Source records
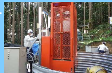
集水井内部の見学
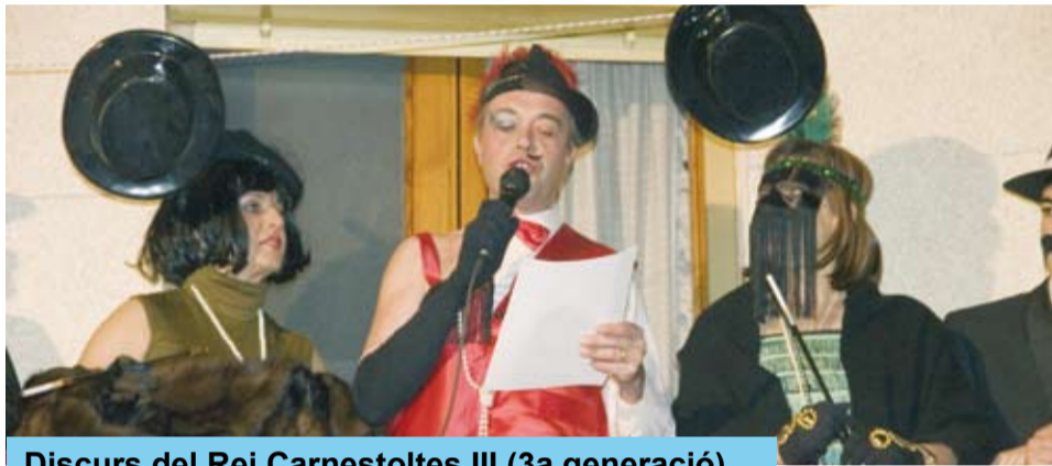
Discurs del Rei Carnestoltes III (3a generació)

La Comitiva del Carnaval, formada per gent diversa a títol individual, ha organitzat novament l'arribada i el funeral del Rei Carnestoltes. La Comitiva està oberta a tothom, amb voluntat de fer poble i de possibilitar noves propostes festives i atrevides.
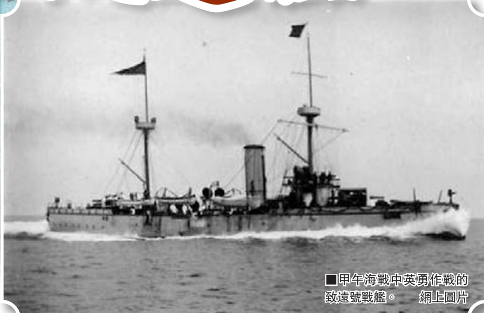
甲午海戰中英勇作戰的致遠號戰艦。

「丹東一號」沉船位於鴨綠江口西南約50公里海域，所在地曾爲1894年中日甲午海戰時的交戰海區。對於「丹東一號」沉船的水下考古調查由國家文物局水下文化遺產保護中心、遼寧省文物考古研究所聯合進行。由於之前對該沉艦的具體身份尚不十分明確，故將其暫命名爲「丹東一號」。
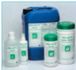
Mikrozid® AF – aldehydfreie Desinfektion.

Wer also sicher gehen will, dass das verwendete Präparat aldehydfrei ist, sollte nur Produkte verwenden, die entsprechend ausgelobt sind. Mit Schülke & Mayr-Präparaten
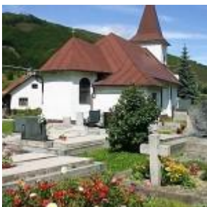
Rímskokatolícky kostol Navštívenia Panny Márie s drevenou plastikou z druhej polovice 15. storočia
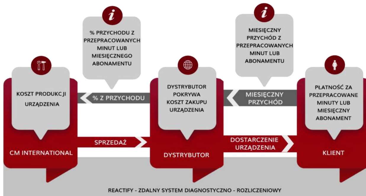
Schemat 1. Przykładowy proces monetyzacji świadczonych usług

W drodze dotychczasowej działalności Spółka wypracowała następujący schemat działania:
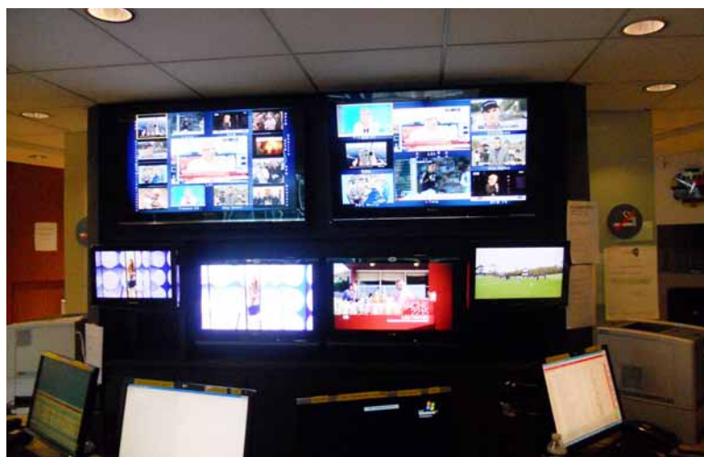
Jeunes Journalistes 2011, en visite à TF1

Comme les années précédentes, la Fondation Robert Bosch finance la participation de 20 journalistes à un programme comprenant trois séminaires (à Berlin, Paris et Strasbourg) et un stage dans le pays voisin (en France ou en Allemagne selon la nationalité). L'objectif est de fournir aux jeunes journalistes une présentation de première main du système et du paysage politique, économique, social et médiatique de l'autre pays ainsi que de nouer des contacts utiles. Les participants de la promotion 2012 ont été sélectionnés ; ces derniers proviennent de différentes écoles françaises de journalisme reconnues par la profession, de l'école allemande de journa-
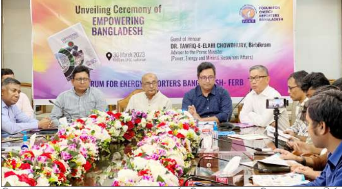
বিদ্যুৎ খাতে গত এক দশকে বাংলাদেশের অর্জন বিষয়ক “এম্পাওয়ারিং বাংলাদেশ” শীর্ষক প্রকাশনার মোড়ক উন্মোচন

গত ৩০ মার্চ ২০২৩ তারিখে ডিপিডিসি'র সম্মেলন কক্ষে ‘ফোরাম ফর এনার্জি রিপোর্টার্স বাংলাদেশ’ (এফইআরবি) এর আয়োজনে বিদ্যুৎ খাতে গত এক দশকে বাংলাদেশের অর্জন বিষয়ে “এম্পাওয়ারিং বাংলাদেশ” শীর্ষক একটি প্রকাশনা অনুষ্ঠান অনুষ্ঠিত হয়। মাননীয় প্রধানমন্ত্রীর বিদ্যুৎ, জ্বালানি ও খনিজ সম্পদ বিষয়ক উপদেষ্টা ড. তৌফিক-ই-ইলাহী চৌধুরী, বীরবিক্রম প্রকাশনা অনুষ্ঠানে প্রধান অতিথি হিসেবে উপস্থিত ছিলেন। প্রধান অতিথি তাঁর বক্তব্যে বৈশ্বিক প্রেক্ষাপটে বাংলাদেশের বিদ্যুৎ ও জ্বালানি খাতের অবস্থান ব্যাখ্যা করে বলেন, ‘সরকার বিদ্যুৎ কেন্দ্রগুলোতে গ্যাসের সরবরাহ বাড়িয়েছে যা বিদ্যুতের চাহিদা মেটাতে সহায়তা করছে। রাশিয়া-ইউক্রেন যুদ্ধ পরিস্থিতি সামনের দিনে জ্বালানির বৈশ্বিক বাজারে প্রভাব না ফেললে বিদ্যুৎ সরবরাহ পরিস্থিতি ভালো থাকবে’।

**Work order:** The lines to copy exactly start with the line above that has "Mikrozid® AF – aldehydfreie Desinfektion." and go on through the line that has "বিদ্যুৎ খাতে গত এক দশকে বাংলাদেশের অর্জন বিষয়ক"; please include both, add nothing else, and omit the pictures.

**Result of this task:**
Mikrozid® AF – aldehydfreie Desinfektion.

Wer also sicher gehen will, dass das verwendete Präparat aldehydfrei ist, sollte nur Produkte verwenden, die entsprechend ausgelobt sind. Mit Schülke & Mayr-Präparaten
Rímskokatolícky kostol Navštívenia Panny Márie s drevenou plastikou z druhej polovice 15. storočia
Schemat 1. Przykładowy proces monetyzacji świadczonych usług

W drodze dotychczasowej działalności Spółka wypracowała następujący schemat działania:
Jeunes Journalistes 2011, en visite à TF1

Comme les années précédentes, la Fondation Robert Bosch finance la participation de 20 journalistes à un programme comprenant trois séminaires (à Berlin, Paris et Strasbourg) et un stage dans le pays voisin (en France ou en Allemagne selon la nationalité). L'objectif est de fournir aux jeunes journalistes une présentation de première main du système et du paysage politique, économique, social et médiatique de l'autre pays ainsi que de nouer des contacts utiles. Les participants de la promotion 2012 ont été sélectionnés ; ces derniers proviennent de différentes écoles françaises de journalisme reconnues par la profession, de l'école allemande de journa-
বিদ্যুৎ খাতে গত এক দশকে বাংলাদেশের অর্জন বিষয়ক “এম্পাওয়ারিং বাংলাদেশ” শীর্ষক প্রকাশনার মোড়ক উন্মোচন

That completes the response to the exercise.